AWS IoT Core
Managed cloud service connecting IoT devices to cloud applications
IoT Core is like a communication hub for billions of devices. Imagine millions of sensors, smart devices, or industrial equipment all sending data to the cloud (temperature readings, GPS coordinates, machine status). IoT Core handles device connections (MQTT, HTTPS), authentication (certificates, IAM), and message routing (send data to Lambda, Kinesis, S3). It's like having a massive switchboard that connects devices to cloud services, ensuring messages are delivered securely and reliably. Perfect for IoT applications: smart homes, industrial monitoring, fleet tracking.

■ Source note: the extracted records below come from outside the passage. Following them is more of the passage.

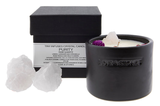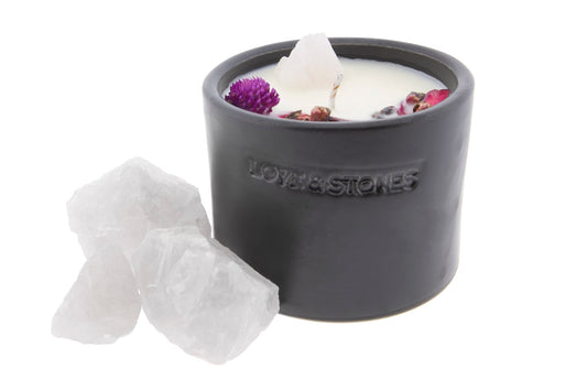 FAITH - A ROSE QUARTZ & CRYSTAL QUARTZ INFUSED SCENTED BLACK BIG CANDLE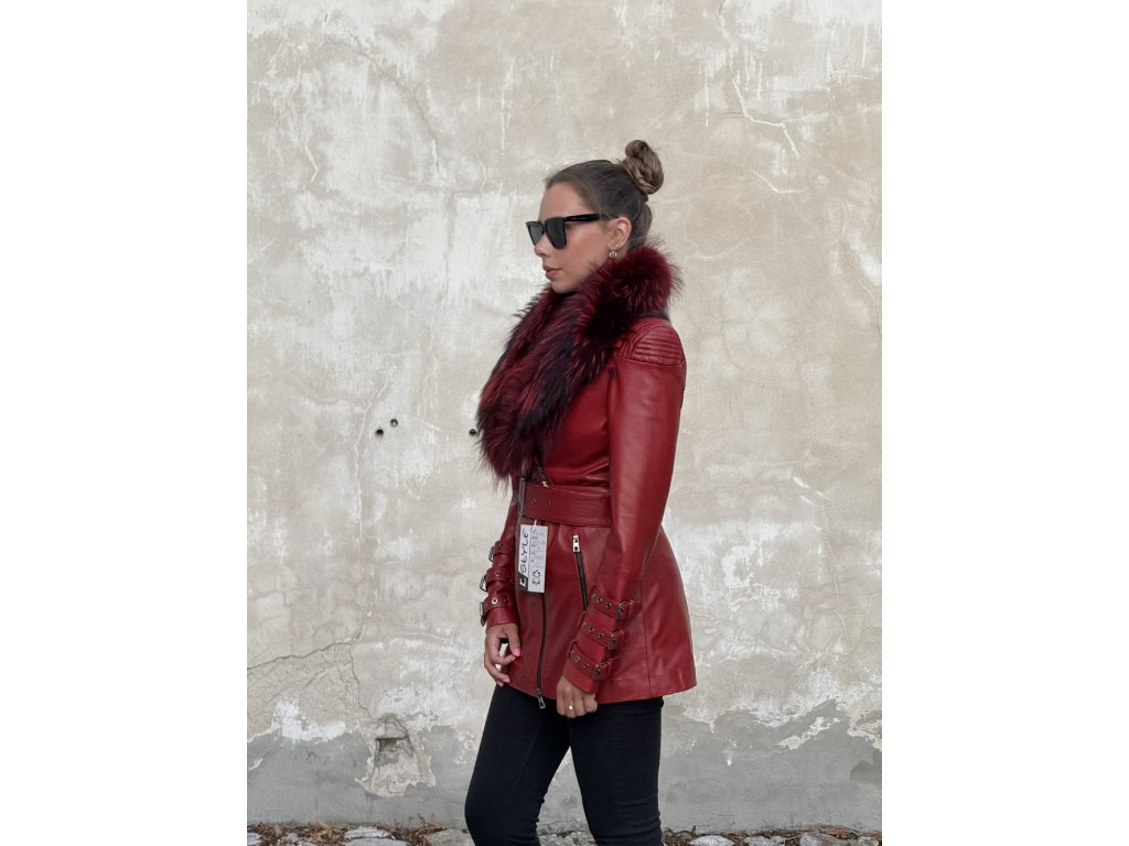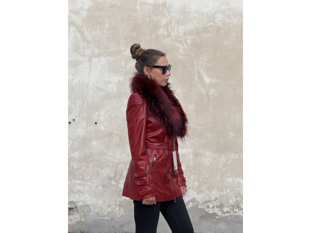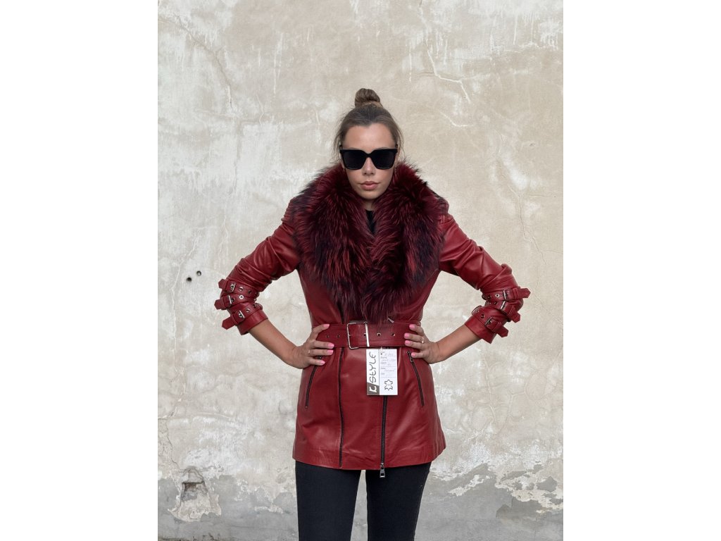 Dámska kožená bunda AURELIA v ružovej, červenej alebo čiernej farbe kombinuje modernú eleganciu a luxus. Prémiová líška a zlaté kovové doplnky dodávajú modelu jedinečný charakter, vďaka čomu je ideálny na špeciálne príležitosti aj každodenné nosenie.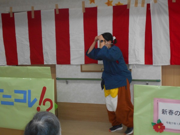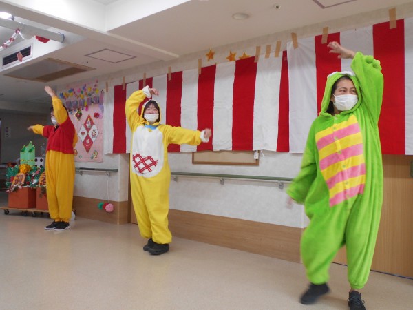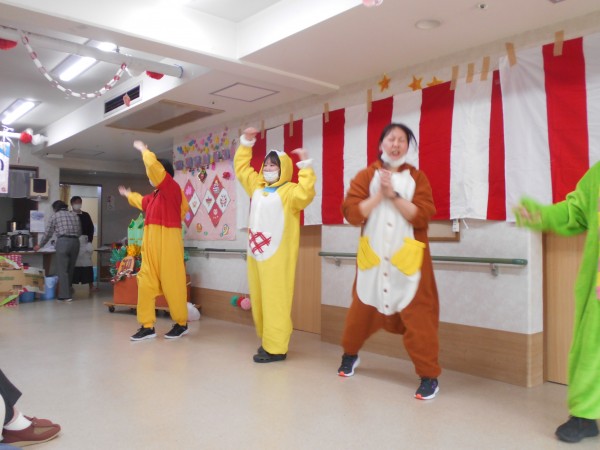 職員による出し物、ヤングマンの歌や踊りを披露し、皆さまリズムよく手拍子をされご覧になられています(^^)/

IoT Core uses MQTT protocol for device communication. Devices connect using X.509 certificates or IAM credentials. You create things (device representations), policies (permissions), and rules (route messages to AWS services). Rules use SQL-like syntax to filter and transform messages.
Key Capabilities
Key features: device shadows (virtual device state), fleet provisioning (automate device onboarding), and jobs (send commands to devices).
Gotchas & Constraints
Gotcha #1: IoT Core charges per message; optimize message frequency and size to control costs. Gotcha #2: Device certificates must be managed carefully; compromised certificates can't be revoked retroactively. Constraints: Maximum 500,000 concurrent connections per account (request increase), maximum 128KB message size, and maximum 100 rules per account (request increase).
A logistics company tracks 10,000 delivery trucks with GPS devices. Devices send location updates every 30 seconds. They use IoT Core: provision devices with X.509 certificates, configure MQTT topics (truck/{truck_id}/location), and create rules to route messages. Rule 1: send all location updates to Kinesis Data Streams for real-time tracking. Rule 2: if truck speed exceeds 80 mph, invoke Lambda to send alert. Rule 3: store all data in S3 for historical analysis. They use device shadows to track truck status (online/offline, battery level). For firmware updates, they use IoT jobs to send update commands to all trucks, track progress, and retry failures. They process 20 million messages/day, and IoT Core handles it all with sub-second latency.
The Result
real-time fleet tracking, automated alerts, and scalable IoT infrastructure.